Brooklands Technical College (Brooklands House)

WRENN ID
slow-vault-thrush
Grade
II
Local Planning Authority
Elmbridge
Country
England
Date first listed
16 November 1984
Type
Educational
Source
Historic England listing

Also on this page: EPC · related consents · flood risk · radon risk · detailed attributes ↓

Description

Brooklands Technical College, originally Brooklands House, is a house that has been converted into a college. It was built in 1860 and largely rebuilt in 1891 by Sir Reginald Blomfield in a free Queen Anne style. The building is constructed of brown brick with red brick dressings and features plain tiled roofs that are hipped to the left. It has a square lead ogee dome to the right and tall chimney stacks beneath gauged brick cornices.

The main house consists of five bays, with a gable front bay to the left and a two-bay wing at the left end that has a flat roof. This wing connects to a tower and a seven-bay wing to the right, which projects forward to create a courtyard in the re-entrant angle. The structure has three storeys with attics, featuring five pedimented dormers on the main block, a central segmental pediment, and a "Venetian" style attic window in the gable front bay. The ends of the building have brick quoins, with plat bands above the ground and first floors, and a modillion cornice at the second floor.

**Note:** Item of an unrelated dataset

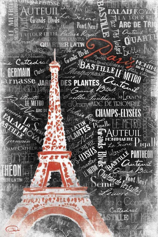 Eiffel NO PARIS Black Ornate Wood Framed Art Print with Double Matting by OnRei

The windows are irregularly arranged and consist of glazing bar sash windows beneath gauged brick heads, including a large round-arched staircase window to the right and a round window in the right-hand tower. There are double plate glass doors at the center of the main block beneath a flat hood, with additional doors to the left in the gabled bay. A square clock face in a stone surround with cill brackets is located on the courtyard front of the tower, which has a rendered finish at the rear corner.

The rear, or garden front, has six bays, two of which are gabled with three-light dormers in the center. There is a large "Venetian" style window on the ground floor to the left, framed by an Ionic oilaster surround. The 20th-century extensions at the front are not included in the listing.